Обсуждение: Speed up collation cache
The blog post here (thank you depesz!): https://www.depesz.com/2024/06/11/how-much-speed-youre-leaving-at-the-table-if-you-use-default-locale/ showed an interesting result where the builtin provider is not quite as fast as "C" for queries like: SELECT * FROM a WHERE t = '...'; The reason is that it's calling varstr_cmp() many times, which does a lookup in the collation cache for each call. For sorts, it only does a lookup in the collation cache once, so the effect is not significant. The reason looking up "C" is faster is because there's a special check for C_COLLATION_OID, so it doesn't even need to do the hash lookup. If you create an equivalent collation like: CREATE COLLATION libc_c(PROVIDER = libc, LOCALE = 'C'); it will perform the same as a collation with the builtin provider. Attached is a patch to use simplehash.h instead, which speeds things up enough to make them fairly close (from around 15% slower to around 8%). The patch is based on the series here: https://postgr.es/m/f1935bc481438c9d86c2e0ac537b1c110d41a00a.camel@j-davis.com which does some refactoring in a related area, but I can make them independent.

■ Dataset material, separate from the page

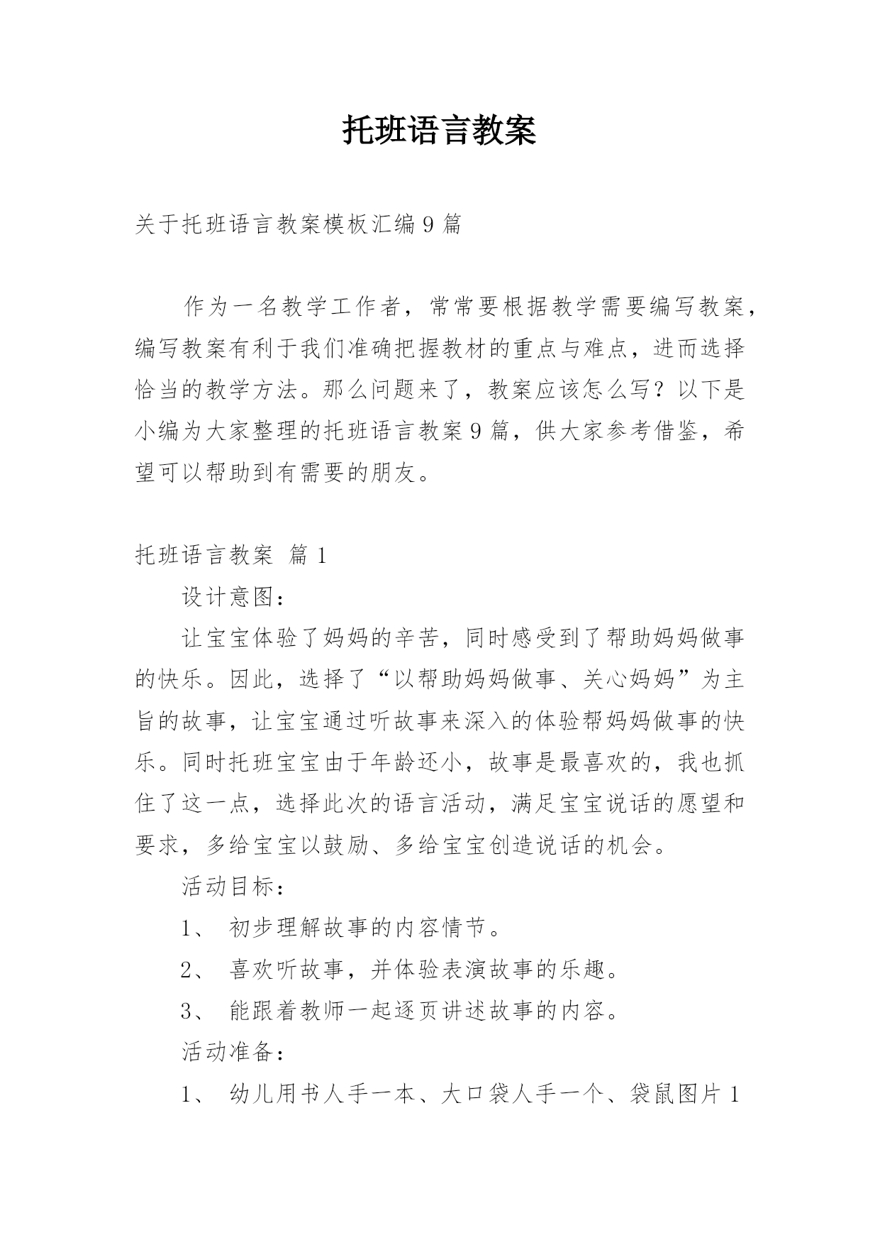 托班语言教案关于托班语言教案模板汇编9篇作为一名教学工作者,常常要根据教学需要编写教案,编写教案有利于我们准确把握教材的重点与难点,进而选择恰当的教学方法。那么问题来了,教案应该怎么写?以下是小编为大家整理的托班语言教案9篇,供大家参考借鉴,希望可以帮助到有需要的朋友。托班语言教案篇1设计意图:让宝宝体验了妈妈的辛苦,同时感受到了帮助妈妈做事的快乐。因此,选择了“以帮助妈妈做事、关心妈妈”为主旨的故事,让宝宝通过听故事来深入的体验帮妈妈做事的快乐。同时托班宝宝由于年龄还小,故事是最喜欢的,我也抓住了这一点

We can also consider what to do about those special cases: * add a special case for PG_C_UTF8? * instead of a hardwired set of special collation IDs, have a single- element "last collation ID" to check before doing the hash lookup? * remove the special cases entirely if we can close the performance gap enough that it's not important? (Note: the special case in lc_ctpye_is_c() is currently required for correctness because hba.c uses C_COLLATION_OID for regexes before the syscache is initialized. That can be fixed pretty easily a couple different ways, though.) -- Jeff Davis PostgreSQL Contributor Team - AWS
Вложения
On 15.06.24 01:46, Jeff Davis wrote: > * instead of a hardwired set of special collation IDs, have a single- > element "last collation ID" to check before doing the hash lookup? I'd imagine that method could be very effective.
On Sat, Jun 15, 2024 at 6:46 AM Jeff Davis <pgsql@j-davis.com> wrote: > Attached is a patch to use simplehash.h instead, which speeds things up > enough to make them fairly close (from around 15% slower to around 8%). +#define SH_HASH_KEY(tb, key) hash_uint32((uint32) key) For a static inline hash for speed reasons, we can use murmurhash32 here, which is also inline.